The Danger of Improperly Stored Secrets
It’s the headline of the day: another company hacked due to compromised credentials. Data is stolen. Ransoms are required. Critical business functions are disrupted. Reputation is lost.
Yet, to move with the speed and agility digital business require today, automation must be used. And automation requires using stored secrets, or credentials, including…
Usernames and passwords,
AWS (Amazon Web Services) credentials in the form of a CSV file,
JSON web tokens (JWT)
SQL (database) usernames and passwords
Yet, the following scenario plays out too often:
A deadline is pressing. A developer or administrator needs to implement a fix fast. A QA tester needs to get the testing done now.

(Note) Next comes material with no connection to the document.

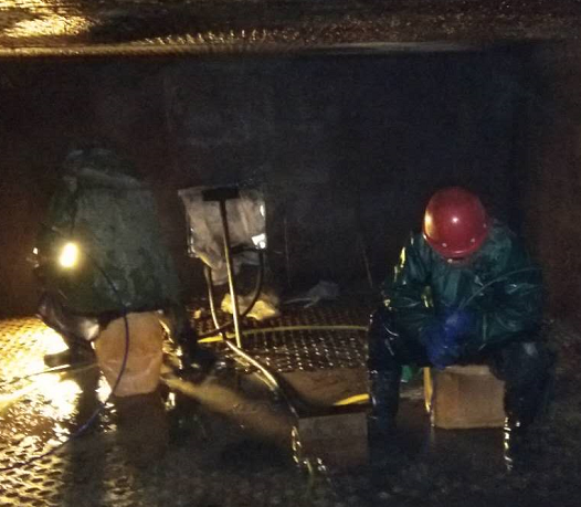 因2#鍋爐上下級(jí)空預(yù)器堵塞嚴(yán)重,無法滿足生產(chǎn)負(fù)荷要求,影響鍋爐正常運(yùn)行,2019年1月14日9點(diǎn)30分,根據(jù)公司停車檢修計(jì)劃,對(duì)2#鍋爐空預(yù)器管進(jìn)行清洗及疏通,首先在煙道底部制作排水口,引至地溝,保證現(xiàn)場(chǎng)路面無積水及結(jié)冰,待空預(yù)器內(nèi)溫度下降,公司領(lǐng)導(dǎo)組織崗位人員輪流進(jìn)入空預(yù)器清理積灰,為空預(yù)器管道清洗及疏通做好各項(xiàng)準(zhǔn)備工作,15日正式使用清洗機(jī)對(duì)空預(yù)器進(jìn)行帶壓清洗,所有人員不怕苦、不怕累、放棄休息時(shí)間協(xié)助外包人員及時(shí)疏通空預(yù)器堵塞管道,更換空預(yù)器套管,檢修人員雖然穿著厚厚的棉衣,但不一會(huì)也被寒冷打透。手凍僵了,他們搓了搓接著干。

Figuring out how to store the credentials securely will take precious time.
An “I’ll clean it up later” approach is taken.
Credentials such as usernames and passwords are put into the code itself.
The code is stored in a source code management (SCM) platform or on a file system
The SCM or file system is replicated or backed up.
As a result, the credentials are stored insecurely in multiple places making compromise even more likely.
So how do you address the need to store secrets securely?
The Solution: Secrets Management (Credentials Vaulting)
The solution is to implement a secrets management, or vaulting, platform. Vaulting allows for credentials to be stored in an encrypted digital repository, or vault, and checked out by scripts and code at runtime. This enables automation such as CI/CD pipelines to use credentials AND do it securely.
The Objective: Implement Hashicorp Vault and Retrieve a Stored Secret
In this three-part blog series, we will cover how to implement and use a secrets management solution. I will walk through how to implement Hashicorp Vault® (or “Vault,” for short) and then retrieve a stored secret from the Vault.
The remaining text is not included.